# Exercise brief
Restate word for word the lines of the entries below, starting with the line that holds "Rue is toxic" and ending with the line that holds "看到arp发出,得到响应后,发出ping", and no others.

** Material to process follows **

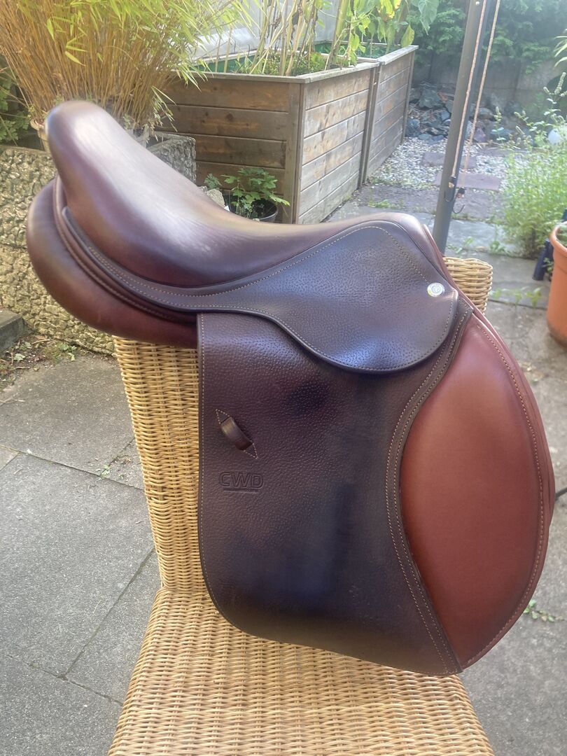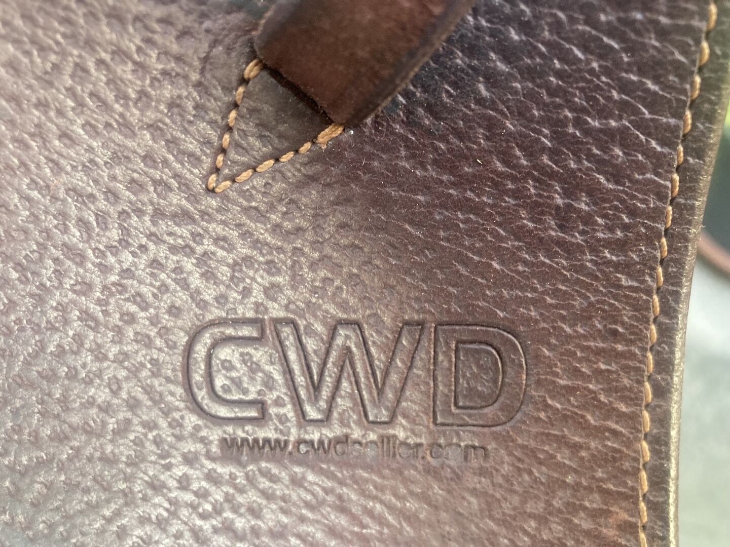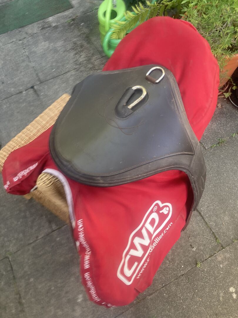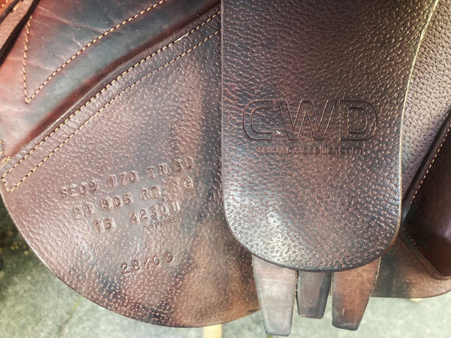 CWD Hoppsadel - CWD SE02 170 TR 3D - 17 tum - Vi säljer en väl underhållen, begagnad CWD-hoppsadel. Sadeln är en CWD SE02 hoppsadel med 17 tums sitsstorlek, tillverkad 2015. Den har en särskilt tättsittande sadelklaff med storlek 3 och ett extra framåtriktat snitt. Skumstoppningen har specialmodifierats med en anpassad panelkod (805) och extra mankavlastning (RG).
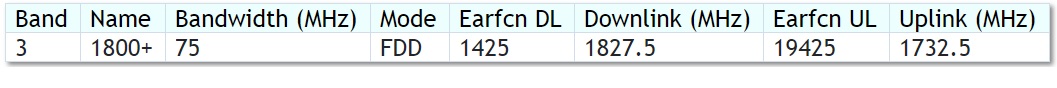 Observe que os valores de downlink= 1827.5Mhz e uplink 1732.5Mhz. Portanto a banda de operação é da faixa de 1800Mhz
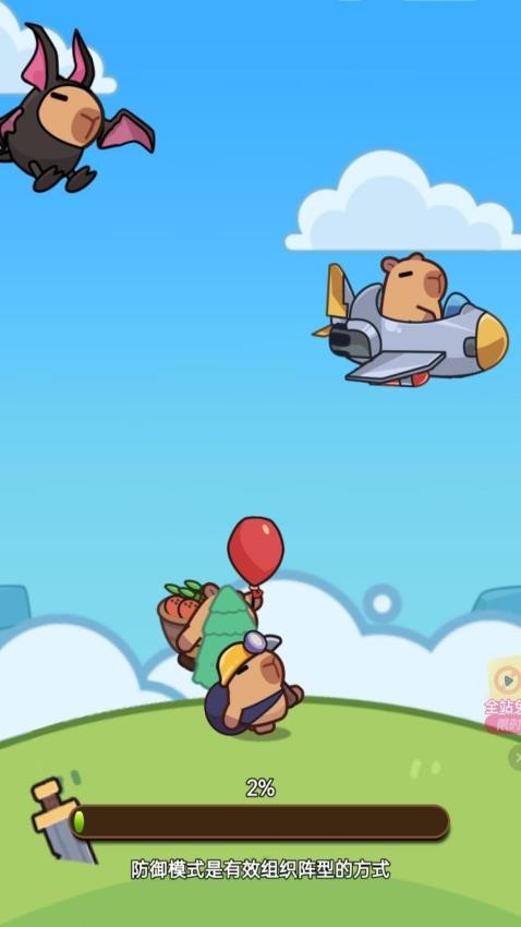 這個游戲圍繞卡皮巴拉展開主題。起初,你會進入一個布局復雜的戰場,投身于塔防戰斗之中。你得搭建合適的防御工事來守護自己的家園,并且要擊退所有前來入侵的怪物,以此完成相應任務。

** End of Material to process **
** Material to process follows **

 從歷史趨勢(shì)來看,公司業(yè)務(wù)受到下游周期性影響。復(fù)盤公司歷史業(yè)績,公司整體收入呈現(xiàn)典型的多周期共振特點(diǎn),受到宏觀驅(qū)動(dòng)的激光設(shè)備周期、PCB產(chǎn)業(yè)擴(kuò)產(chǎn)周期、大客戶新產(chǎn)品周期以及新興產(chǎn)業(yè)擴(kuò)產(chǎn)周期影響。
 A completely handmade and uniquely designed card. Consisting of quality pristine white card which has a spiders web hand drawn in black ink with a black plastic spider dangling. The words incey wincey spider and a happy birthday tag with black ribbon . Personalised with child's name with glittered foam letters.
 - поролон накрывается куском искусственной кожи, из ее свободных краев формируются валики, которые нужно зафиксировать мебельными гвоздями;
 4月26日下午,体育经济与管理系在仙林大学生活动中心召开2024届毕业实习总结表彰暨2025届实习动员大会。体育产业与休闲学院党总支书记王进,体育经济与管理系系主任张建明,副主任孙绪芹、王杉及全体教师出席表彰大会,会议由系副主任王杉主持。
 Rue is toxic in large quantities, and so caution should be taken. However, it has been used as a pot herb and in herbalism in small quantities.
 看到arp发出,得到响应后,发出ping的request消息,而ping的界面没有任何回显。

** End of Material to process **

# Solution to this problem
 Rue is toxic in large quantities, and so caution should be taken. However, it has been used as a pot herb and in herbalism in small quantities.
 看到arp发出,得到响应后,发出ping的request消息,而ping的界面没有任何回显。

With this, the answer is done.